Society’s expectations and traditional gender roles have long been considered a factor in why men are less likely to discuss or seek help for their mental health. While in recent years, the number of men who say they would likely speak to friends if feeling low or worried has increased – rising from 29% in 2009 to 34% in 2019 – it is still significantly lower than women.

That’s according to Mind’s Get It Off Your Chest report, which notes that this fits with its understanding of typical male friendships being based on shared activity, such as going to the pub or sport, rather than talking about feelings. Women are more likely to confide in their friends when they’re feeling low.

While there is much more to be done to ensure men feel able to reach out for help and access support, the report’s findings show a positive increase in men’s help-seeking behaviours, and ability to speak openly about their wellbeing.

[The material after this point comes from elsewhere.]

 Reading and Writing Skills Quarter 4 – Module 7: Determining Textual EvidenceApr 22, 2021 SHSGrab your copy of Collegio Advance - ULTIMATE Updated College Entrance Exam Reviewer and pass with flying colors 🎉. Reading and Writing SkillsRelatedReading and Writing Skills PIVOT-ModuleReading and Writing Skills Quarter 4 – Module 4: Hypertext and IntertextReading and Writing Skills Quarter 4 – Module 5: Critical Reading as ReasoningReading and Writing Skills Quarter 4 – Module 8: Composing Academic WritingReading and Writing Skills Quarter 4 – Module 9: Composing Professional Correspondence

As of 2019, men are three times more likely to see a therapist than they were in 2009, and are as willing as women to speak to their GP if they feel worried or low.

Speaking to Tim about the impact IceBreakers has had on its members, it’s unsurprising that the group is growing. “It’s changed my outlook on everything – how to live and work, and it inspires me to be a more authentic, open-minded and more balanced person.

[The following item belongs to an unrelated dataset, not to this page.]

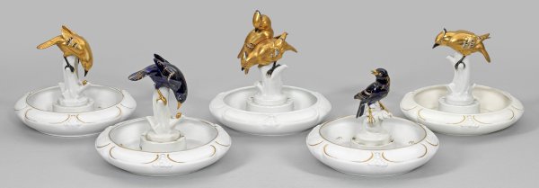 A collection of five large Thuringian Art Deco porcelain flower bowls with bird figures painted in underglazed cobalt-blue and gold as table decoration. Partly insignificantly chipped/restored. Manufacturer's mark.

“Many have called it a life-changing experience, others simply love being a part of a community that feels healthy, and where everyone truly looks out for each other – a lifeline, if you like.”

Josh echoes this point. “It’s normal for us as blokes to struggle, and one of the real issues is that as young men, we aren’t given the language to talk about it. In a lot of scenarios, men still struggle to foster an atmosphere where being open about your feelings is normal, so if you have the opportunity to join a group where this is welcomed, I encourage you to sign up.

“If you don’t, though, I’d say no matter how difficult it is, or even if you don’t quite have the words, please try to reach out to someone. Chances are, they will relate and you’ll have helped them by showing the courage to be open about your mental health struggles.”

IceBreakers currently holds chapters in Bath and Brighton, but the goal is to host dips and retreats all around the country. “We would love to open more chapters for community dips – completely free of charge,” says Tim. “The retreats we’re particularly passionate about, as this gives us the chance to dive deeper, help heal, and connect men at another level. Men supporting men is such a unique, special thing, and is so needed.”